My first approach was to create a new rule, whileBody
, to accept break
:
## FIRST TRY
statement → exprStmt
| ifStmt
| printStmt
| whileStmt
| block ;
block → "{" declaration* "}" ;
whileStmt → "while" "(" expression ")" whileBody ;
whileBody → statement
| break ;
break → "break" ";" ;
ifStmt → "if" "(" expression ")" statement ( "else" statement )? ;
But we have to accept break
inside nested loops, if
conditionals etc. What I could imagine is, I'd need a new rule for blocks and conditionals which accept break
:
## SECOND TRY
statement → exprStmt
| ifStmt
| printStmt
| whileStmt
| block ;
block → "{" declaration* "}" ;
whileStmt → "while" "(" expression ")" whileBody ;
whileBody → statement
| break
| whileBlock
| whileIfStmt
whileBlock→ "{" (declaration | break)* "}" ;
whileIfStmt → "if" "(" expression ")" whileBody ( "else" whileBody )? ;
break → "break" ";"
ifStmt → "if" "(" expression ")" statement ( "else" statement )? ;
It is not infeasible for now, but it can be cumbersome to handle it once the language grows. It is boring and error-prone to write even today!

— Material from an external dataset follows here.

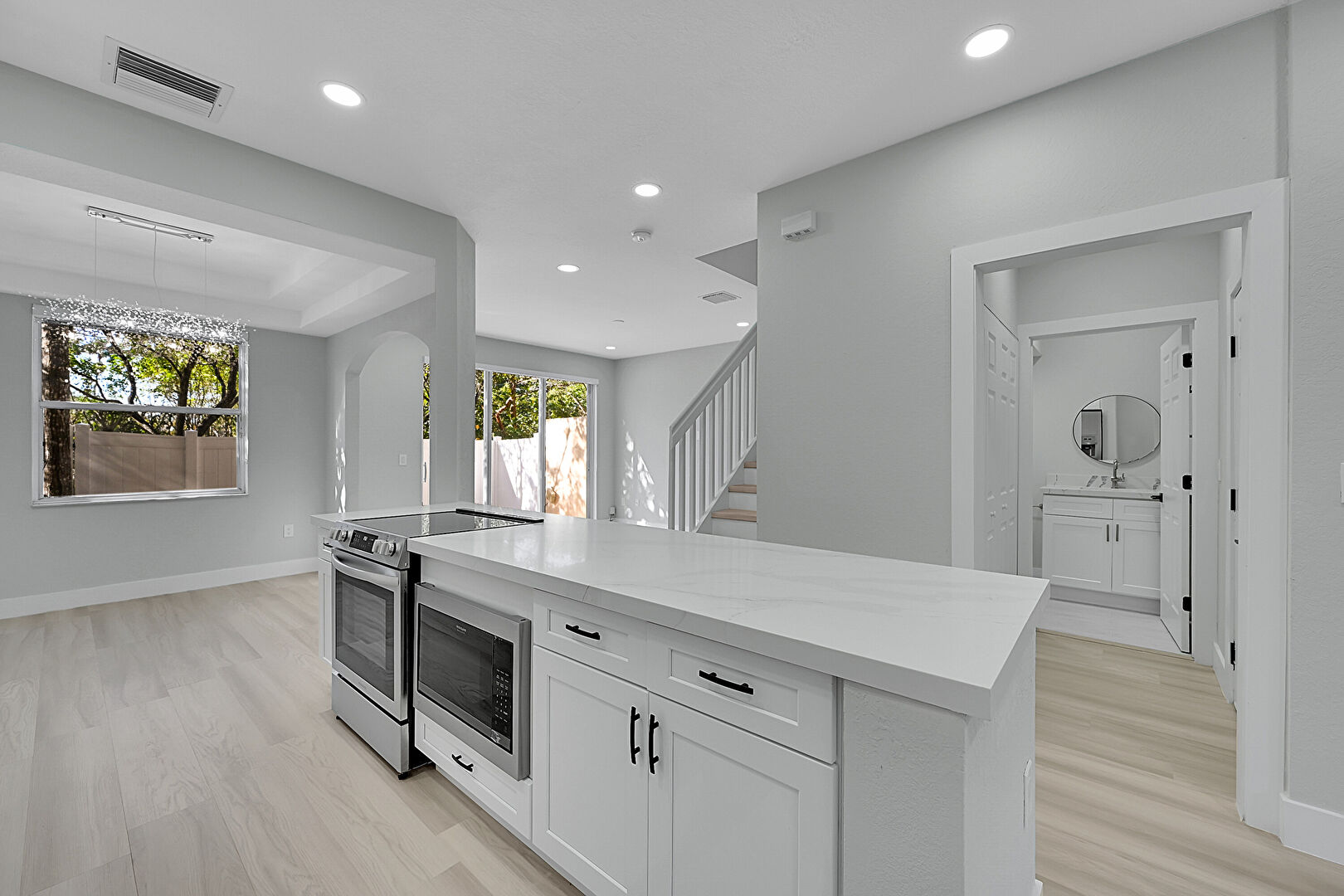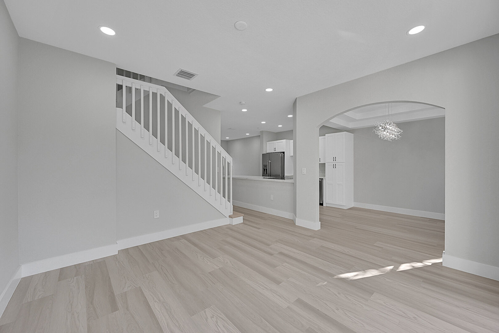 Arched Walkways, Baseboards Wall, Drywall, Natural Light, Notable Chandelier, Recessed Lighting, Stairs, Vent, Wood Finish Floor, Drywall, Smoke Carbon Monoxide Detector, Stairs, Vent

I looked for inspiration in C and Java BNF specifications. Apparently, none of those specifications prohibit the break
outside loop. I guess their parsers have ad hoc code to prevent that. So, I followed suit and added code into the parser to prevent break
outside loops.
TL;DR
My questions are:
- Would the approach of my second try even work? In other words, could a recursive descent parser handle a
break
statement that only appears inside loops? - Is there a more practical way to bake the
break
command inside a syntax specification? - Or the standard way is indeed to change a parser to prevent breaks outside loops while parsing?